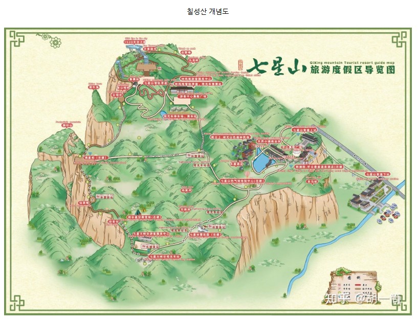 - **유래**: 7개의 봉우리가 북두칠성을 형성한다 해서 이름 붙여졌다. 도교에서 신성시하는 산이다. 긴 일정등에서만 일정상 진행하며 케이블카를 타고 오르며 전망대 올라 새롭게 별도 조성한 멋진 칠성산의 장관을 즐길수 있다,
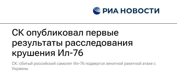 俄羅斯偵查委員會在聲明中表示,正在對機(jī)身碎片等物體進(jìn)行專業(yè)鑒定,同時詢問事件目擊者并繼續(xù)進(jìn)行現(xiàn)場調(diào)查。根據(jù)初步調(diào)查結(jié)果,可以確定伊爾-76運輸機(jī)遭到了來自烏克蘭境內(nèi)的防空導(dǎo)彈襲擊。
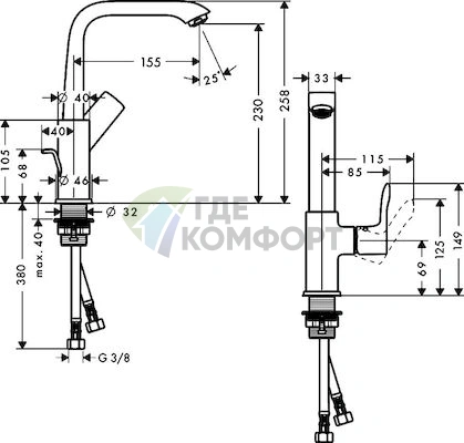 Hansgrohe Metris 31087000 - это однорычажный настольный смеситель. Он предназначен для монтажа в подготовленное отверстие на раковине или столешнице. Стандартный диаметр монтажного отверстия - 35 мм.
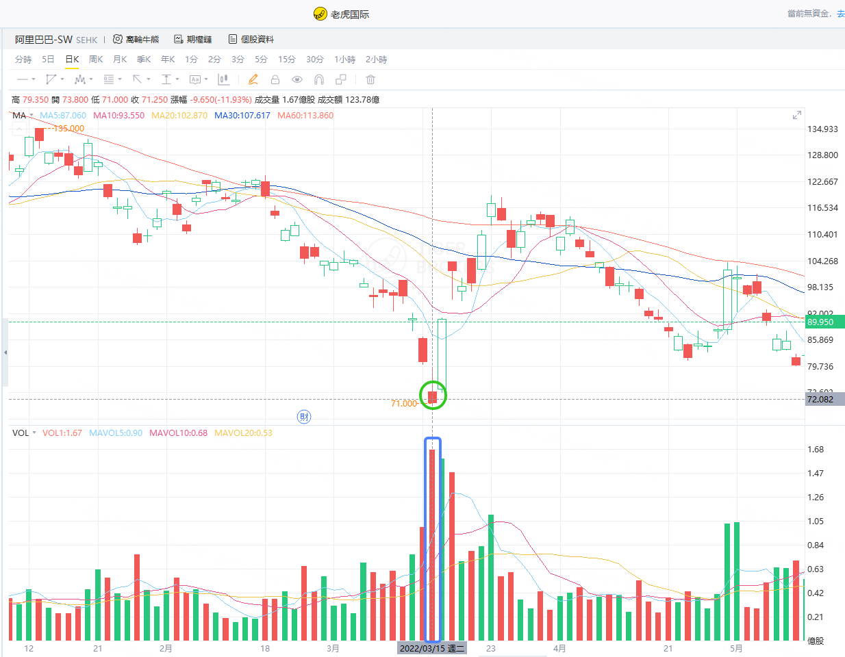 比如,2022年3月15日,阿里巴巴出现了底部放量的墓碑线,且第二天出现了明显的反包,短期形成了进攻向上的趋势。
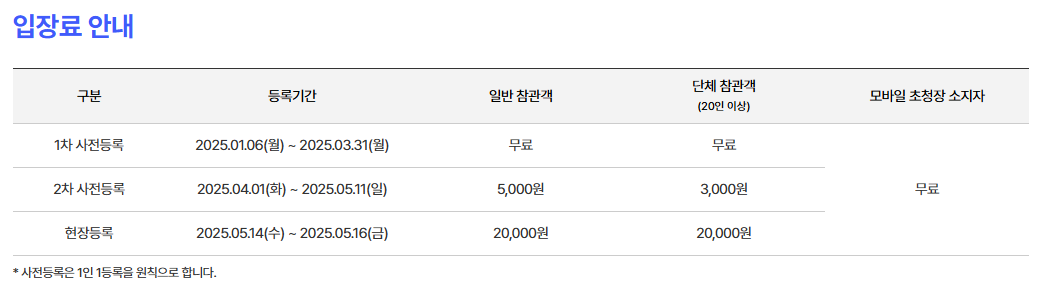 현장 등록 시 입장료가 20,000원이지만, 사전등록하면 무료 또는 할인 혜택을 받을 수 있습니다. 미리 등록만 해도 비용 부담 없이 전시회를 관람할 수 있어요!
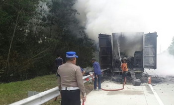 Kapolres Tubaba AKBP Sendi Antoni, S,IK, M,IK  melalui Kasat lantas Akp Fony Salimubun, S.H.,M.H. menjelaskan Bahwa Benar adanya kendaraan tronton Hino Euro empat warna hijau Nopol B 9354 NEU, terbakar di ruas Tol Trans Sumatera KM 213+200 jalur A Terbanggi besar – Kayu Agung, Penanganan cepat kami lakukan untuk memastikan keamanan pengguna jalan lainnya serta menghindari antrean kendaraan,” jelas Kasat Lantas Akp Fony Salimubun,
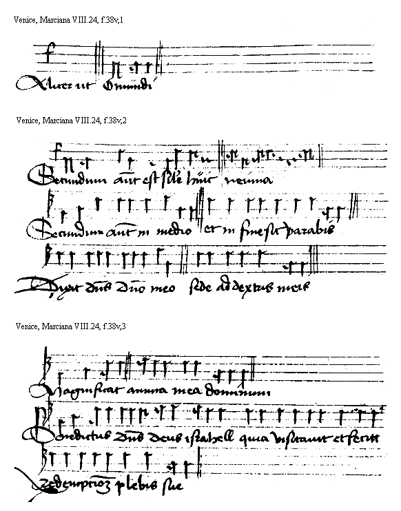 [Venice, Marciana VIII.24, f.38v,2; text: Secundum autem est simile huic, neuma, Secundum autem in medio et in fine sic parabis, Dixit dominus domino meo sede ad dextris meis] [HEHESUMM 08GF]
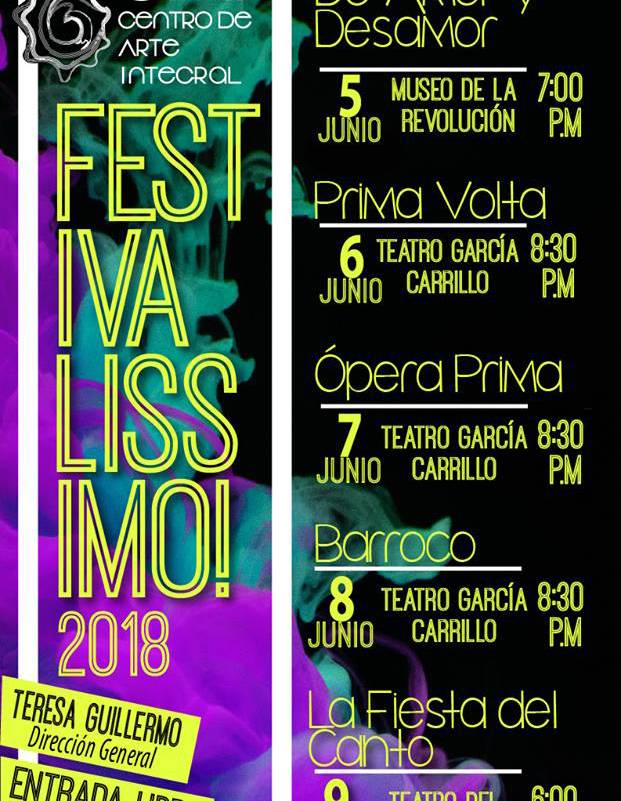 Del 5 al 9 de junio alumnos del Centro de Arte Integral (CAI) y del coro de la Secretaría de Cultura (SEC) celebrarán el canto con 5 conciertos en el Festivalissimo, dirigidos por la maestra Teresa Guillermo y acompañados al piano por Pablo Volbrecht.
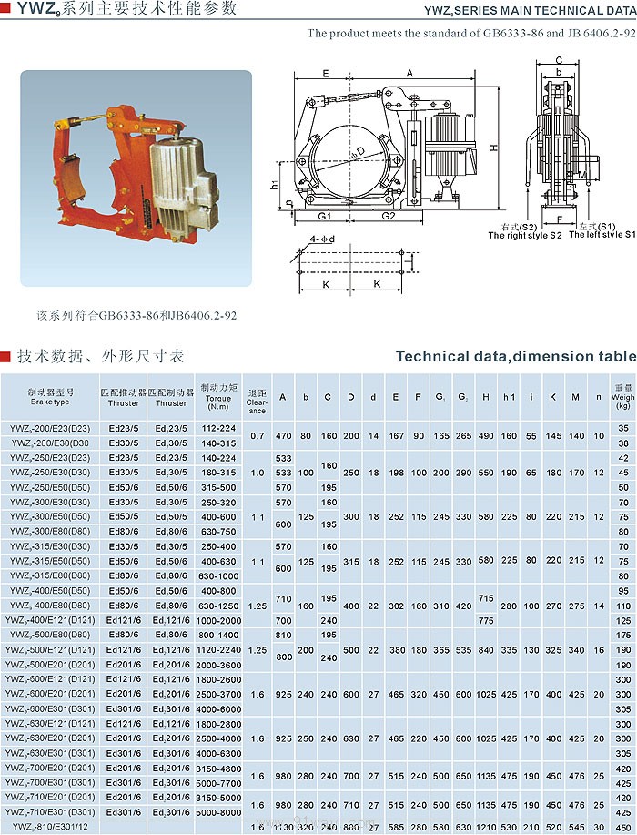 | 產品名稱: | YWZ9系列電力液壓塊式制動器 | |||||

--

The required output is the lines from the one containing "Hansgrohe Metris 31087000" through the end of the records above, reproduced exactly, with no pictures.

 Hansgrohe Metris 31087000 - это однорычажный настольный смеситель. Он предназначен для монтажа в подготовленное отверстие на раковине или столешнице. Стандартный диаметр монтажного отверстия - 35 мм.
 比如,2022年3月15日,阿里巴巴出现了底部放量的墓碑线,且第二天出现了明显的反包,短期形成了进攻向上的趋势。
 현장 등록 시 입장료가 20,000원이지만, 사전등록하면 무료 또는 할인 혜택을 받을 수 있습니다. 미리 등록만 해도 비용 부담 없이 전시회를 관람할 수 있어요!
 Kapolres Tubaba AKBP Sendi Antoni, S,IK, M,IK  melalui Kasat lantas Akp Fony Salimubun, S.H.,M.H. menjelaskan Bahwa Benar adanya kendaraan tronton Hino Euro empat warna hijau Nopol B 9354 NEU, terbakar di ruas Tol Trans Sumatera KM 213+200 jalur A Terbanggi besar – Kayu Agung, Penanganan cepat kami lakukan untuk memastikan keamanan pengguna jalan lainnya serta menghindari antrean kendaraan,” jelas Kasat Lantas Akp Fony Salimubun,
 [Venice, Marciana VIII.24, f.38v,2; text: Secundum autem est simile huic, neuma, Secundum autem in medio et in fine sic parabis, Dixit dominus domino meo sede ad dextris meis] [HEHESUMM 08GF]
 Del 5 al 9 de junio alumnos del Centro de Arte Integral (CAI) y del coro de la Secretaría de Cultura (SEC) celebrarán el canto con 5 conciertos en el Festivalissimo, dirigidos por la maestra Teresa Guillermo y acompañados al piano por Pablo Volbrecht.
 | 產品名稱: | YWZ9系列電力液壓塊式制動器 | |||||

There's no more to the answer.